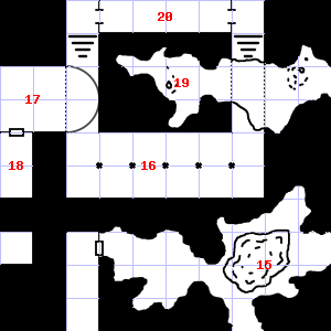 | 16 | A haze of dust hangs in the air. There are dry leaves and twigs scattered here. Encounter: Snakes, Cobra (2) Treasure: As per monster type. | 17 | There is a torch stub here. Encounter: Green Slimes (1) Treasure: As per monster type. | 18 | This area has a pleasant, earthy smell. There are rotting wood pieces here. |
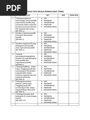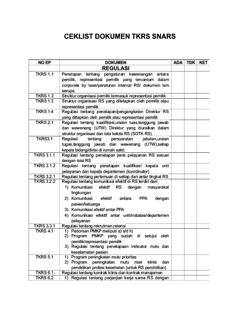This document was uploaded by user and they confirmed that they have the permission to share it. DW Standar TKRS 31 261 Direktur Rumah Sakit dan para kepala bidangdivisi di rumah sakit mengidentifikasi dan merencanakan jenis pelayanan klinis yang dibutuhkan untuk memenuhi kebutuhan pasien yang dilayani rumah sakit tersebut. Document 6 Pdf Contoh Daftar Regulasi Snars Standar Tkrs 1 Tkrs 1 Ep 3 Tkrs 9 Ep 1 Regulasi Corporate Bylaws Pengaturan Kewenangan Representasi Course Hero Ceklist Dokumen Tkrs Snars Oks Ceklist Tkrs.
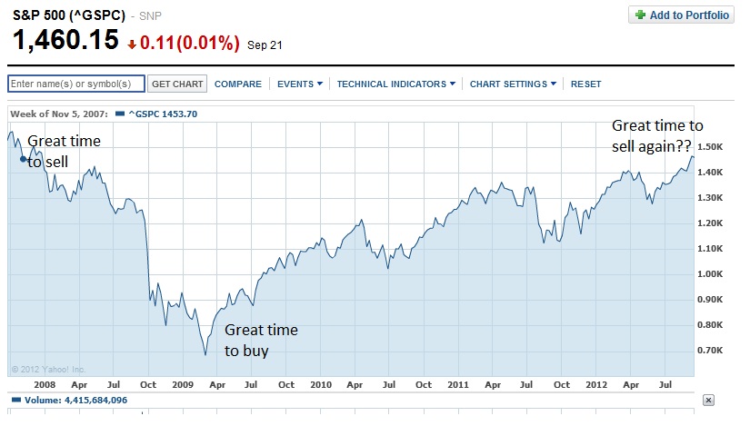 It’s actually quite similar to the stock market – I always strive to sell during market rallies and buy while everyone else is paranoid. This requires nerves of steel at times, since it’s difficult to dump tons of money into an asset that is shrinking by the day. But if you have confidence that the market will once again hit new highs, you should rest assured that your stock will be safe as long as you’ve purchased shares in a strong company (chart from Yahoo Finance).
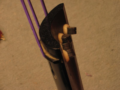 sondern wird nur durch die Spannung der Saiten gehalten. Ohne Saiten fällt er ab. Man kann ein wenig die Dicke der Saiten erahnen. Die dickste ist ca. 3-4 mm dick.
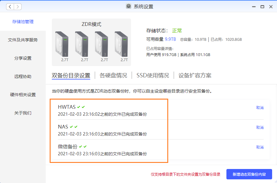 4、既然有这么适合家用的备份方式,我肯定要试一试,索性就组ZDR动态双备份模式:
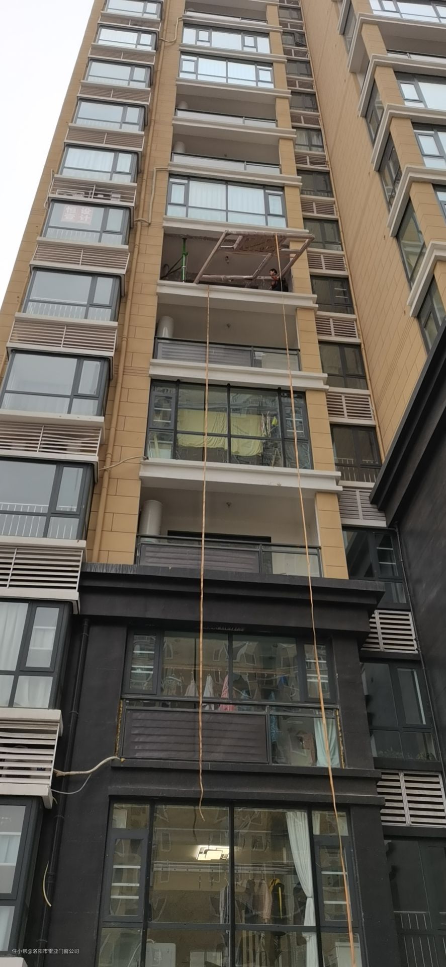 洛阳大玻璃封阳台,户外高层吊装,不敢接太危险了
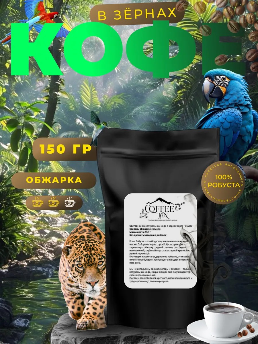 CoFFee JaN Кофе в зернах Бразилия 100% Робуста 150 г
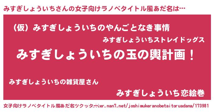 | 男性向けラノベタイトル風あだ名 | 『みすぎしょういち~年齢イコール彼女いない歴の魔法使い~』 |
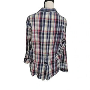 Long Sleeve Button Down Blouse, Also Has Loop & Button to Roll Sleeves, Cuffs have a Button & Hole, 2 Front Pockets with Buttons, 98% Cotton 2% Spandex, Armpit to Armpit 22in Sleeve Length 25in Length 27in
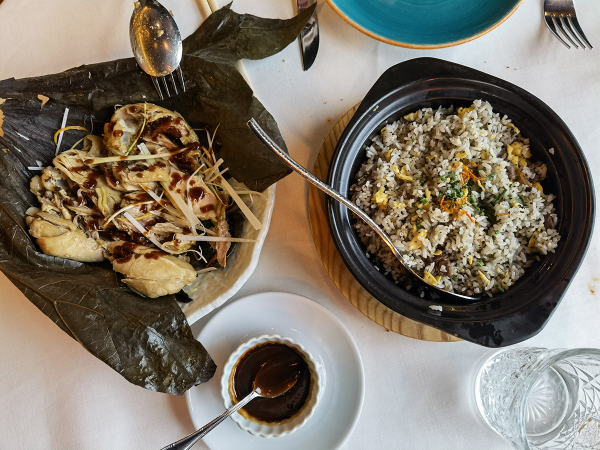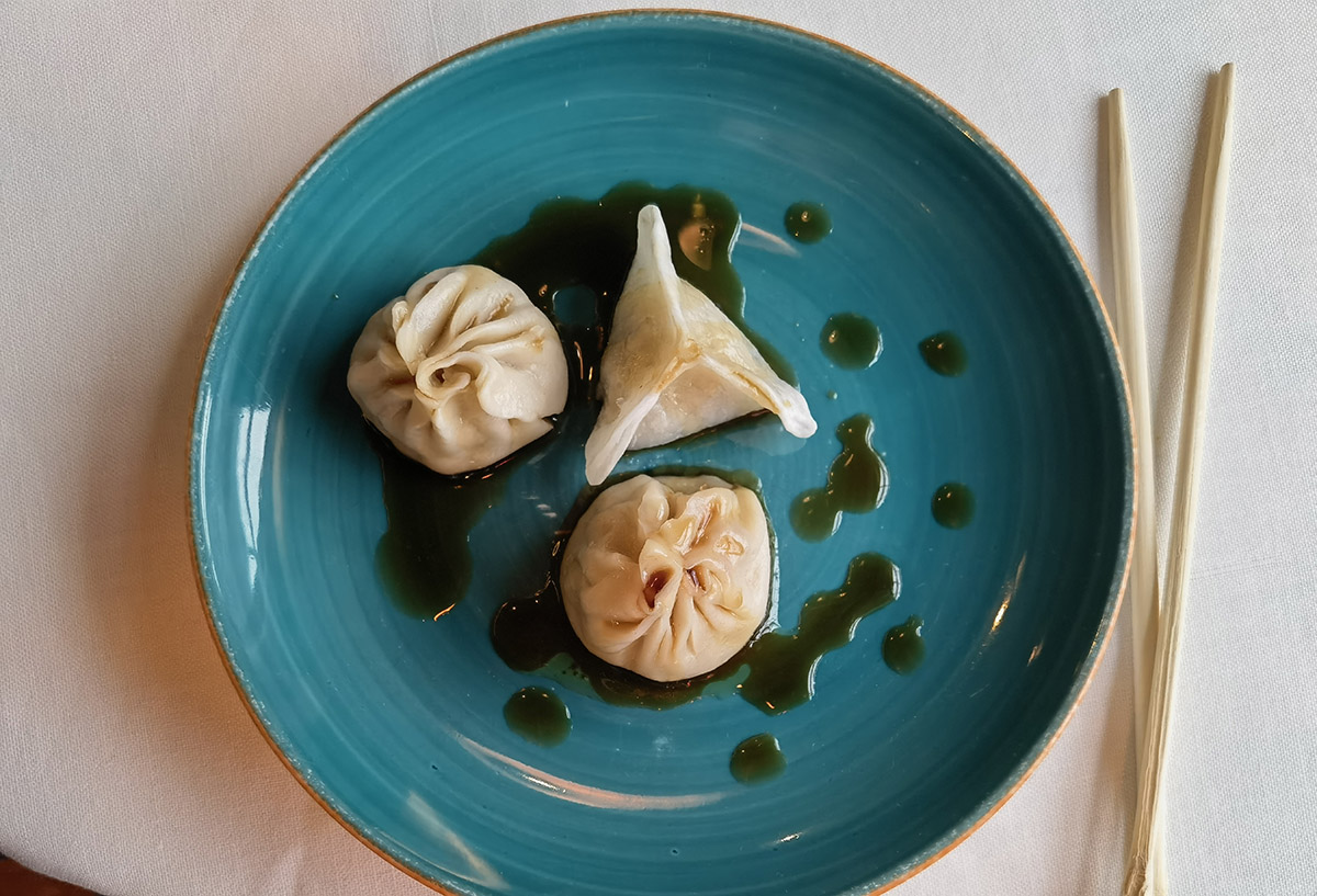 Por eso para una segunda ocasión nos podemos guardar su Arroz frito especial Shang Hai Station con solomillo y trufa o el que sirven en la vaporera de bambú envuelto en la hoja del loto, el Papillote de arroz con marisco. Y como también hay algo de fusión tenemos sus Langostinos al ajillo estilo chino, las Láminas de ternera con especias y verduras o su crujiente Lubina a la sal y pimienta, que puede ser compaticles con un ceviche de corvina.
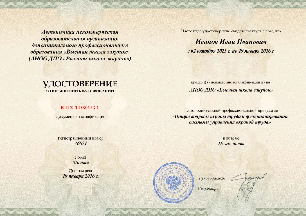Повышение квалификации, 16 академических часов, 4 модуля: правовые основы и организация системы охраны труда, управление профессиональными рисками и оценка условий труда, обеспечение безопасных условий и социальные гарантии работникам, расследование несчастных случаев и внутренний аудит системы. Онлайн-обучение в в Казани с итоговой аттестацией.
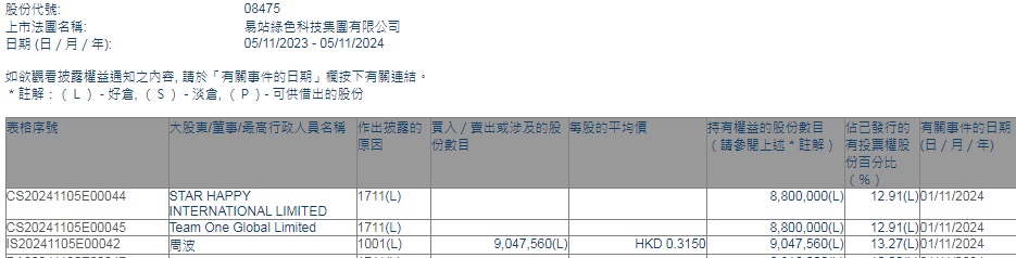 智通财经APP获悉,香港联交所最新资料显示,11月1日,周波增持易站绿色科技(08475)904.756万股,每股作价0.315港元,总金额约为284.998万港元。增持后最新持股数目为904.756万股,持股比例为13.27%。

→ Problem description
Copy exactly the material above from the line with "sondern wird nur" to the line with "Long Sleeve Button", ends included, and nothing else. Leave out any picture.

→ Answer to this problem
 sondern wird nur durch die Spannung der Saiten gehalten. Ohne Saiten fällt er ab. Man kann ein wenig die Dicke der Saiten erahnen. Die dickste ist ca. 3-4 mm dick.
 4、既然有这么适合家用的备份方式,我肯定要试一试,索性就组ZDR动态双备份模式:
 洛阳大玻璃封阳台,户外高层吊装,不敢接太危险了
 CoFFee JaN Кофе в зернах Бразилия 100% Робуста 150 г
 | 男性向けラノベタイトル風あだ名 | 『みすぎしょういち~年齢イコール彼女いない歴の魔法使い~』 |
 Long Sleeve Button Down Blouse, Also Has Loop & Button to Roll Sleeves, Cuffs have a Button & Hole, 2 Front Pockets with Buttons, 98% Cotton 2% Spandex, Armpit to Armpit 22in Sleeve Length 25in Length 27in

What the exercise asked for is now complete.